右派公認候補は、やっぱりフィヨン元首相。

*11月28日付Le Figaro紙 「目指すはエリゼ宮」

*11月28日付Le Figaro紙 「目指すはエリゼ宮」

 11月20日、初めて一般も参加できる右派予備選第1回投票に430万人!27日の決選に450万人! が各回2ユーロ払って参加した。 1回選は元首相フィヨン候補が44.1%、やはり首相経験があり現在ボルドー市長のジュペが28.6%、サルコジ前大統領20.6%。決選でフィヨン67%、ジュペ33%と、1回選で落ちたサルコジやルメール、超保守派ポワソンらの票が、キリスト教伝統的社会の再生を目指して結集し、フィヨンを選んだ。

 この1カ月間、7人の候補者が凄絶な足の引っ張り合いの選挙運動を続け、誰もがサルコジ前大統領とジュペ元首相が決選に残ると思っていた。それがなんとサルコジ前大統領の下で5年間辛抱強く首相を務めたフィヨンがサルコジを押しのけて、うまくいけば来春5月には保守大統領になれる可能性が出てきた。サルコジ(61)もジュペ(71)も40年の政治生命を閉じることになる。サルコジはトランプ旋風にあやかり、「ガリア人の子孫フランス人のアイデンティティ」を謳ったから、第1回投票者の約15%は、左派・中道のアンチサルコジ層が、サルコジ回避の投票をしたとみられている。

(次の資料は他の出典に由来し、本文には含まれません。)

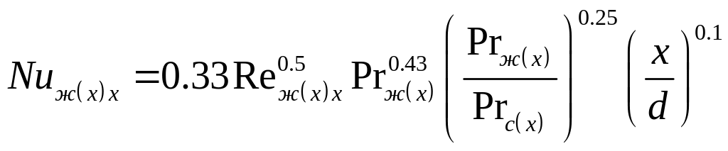 Определяющий размер – расстояние рассматриваемого сечения от начала трубы, а в качестве определяющей температуры — средняя в данном сечении температура жидкости.

 フィヨンの公約は公務員50万削減、週労35時間を廃止し48時間まで認め、企業減税、TVA引上げなどサッチャー式リベラリズムの路線を引く。ジュペとの争点になった同性婚や中絶、同性夫婦の養子縁組に否定的、プーチンと仲がよく、がむしゃらな面を見せず保守伝統的政治を任せられる政治家だ。

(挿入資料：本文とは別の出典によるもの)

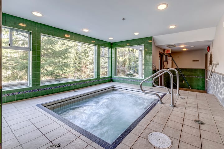Bienvenido a la Unidad 318 en Greystone Lodge, un refugio alpino que combina la calidez de un refugio familiar con las majestuosas vistas de los paisajes de Whistler. Ubicado en el tercer piso, este santuario de un dormitorio más loft cuenta con una espaciosa cama tamaño king y dos camas individuales en la suite principal, completa con un baño privado para mayor privacidad. El loft ofrece dos acogedoras camas individuales, mientras que el lujoso sofá cama doble en la sala de estar garantiza comodidad para hasta 7 huéspedes.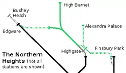 After the war there were proposals to extend the Northern City Line north and south. The London Plan Working Party Report of 1949 proposed several new lines and suburban electrification schemes for London, lettered from A to M. The lower-priority routes J and K would have seen the Northern City Line extended to Woolwich (Route J) and Crystal Palace (Route K), retaining the "Northern Heights" extensions to Edgware and Alexandra Palace. The lines would have run in small-diameter tube tunnels south from Moorgate to Bank and London Bridge.[10] The "K" branch would have run under Peckham to Peckham Rye, joining the old Crystal Palace (High Level) branch (which was still open in 1949) near Lordship Lane. Nothing came of these proposals, and the Edgware, Alexandra Palace and Crystal Palace (High Level) branches were all closed to passengers in 1954. As a result, the Northern City Line remained isolated from the rest of the network.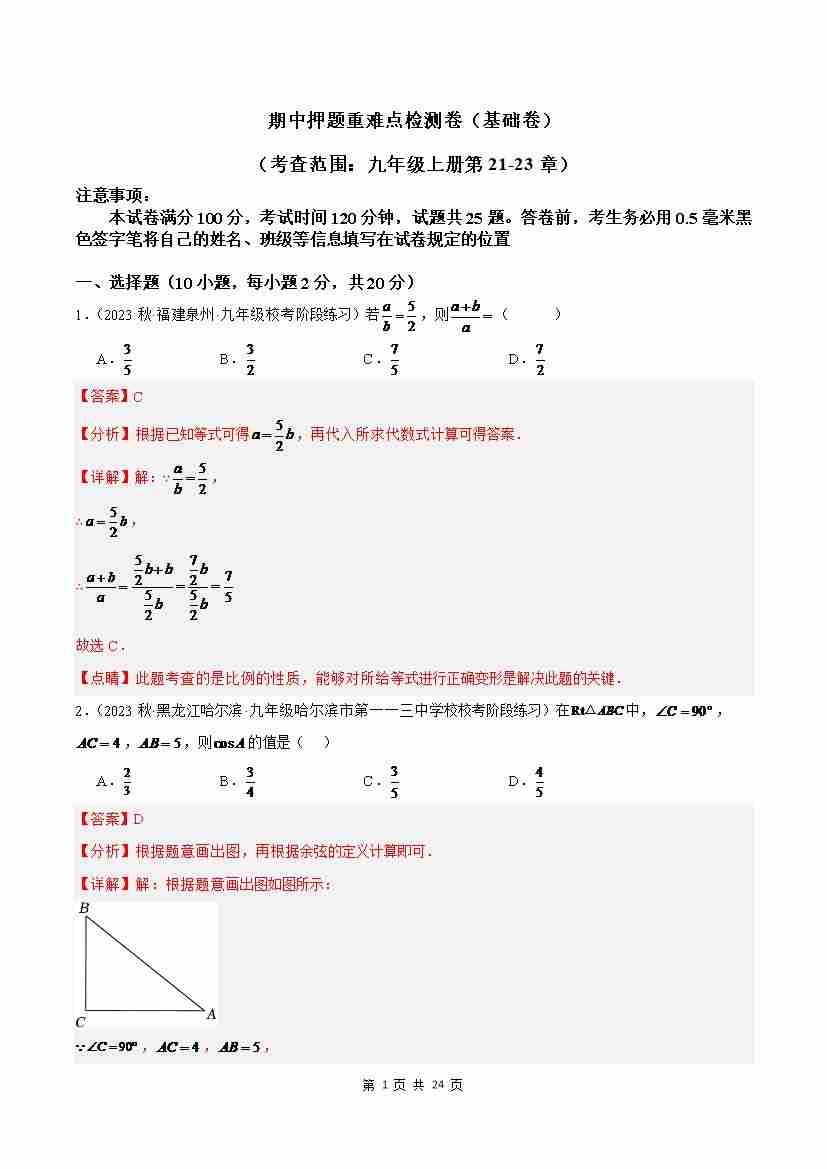 期中押题重难点检测卷(基础卷)(考试范围:第21-23章)(解析版)

 一方「幸福なアイデンティティ」を掲げたアラン・ジュペは1995年から2年間、シラク政権で首相を務めた。シラク=パリ市長時代に経済担当助役を12年務めたが04年、架空雇用疑惑に関与、同時期にパリ市の住宅に息子を住まわせた疑いで14カ月の執行猶予付禁固刑、1年間被選挙権を剥奪され、カナダに移住し大学で講師を務めた。95〜04年、06年からボルドー市長。11年に国防相、12年外相。被告歴もありながらシラクに認められ、長い政治家歴を持つ。

 フィヨンは敬虔なキリスト教徒で家庭を尊び、フランスの価値を、威厳を高める姿勢だ。国民戦線FNのマリーヌ・ルペンの路線とかち合うのではと見る向きもいるが、フィヨンを支持するのは、ブルジョワ及び中層以上の人たちであり、TVAが2%も上がれば、生活がもっと厳しくなる下層庶民はますますルペン側につき社会が二分される。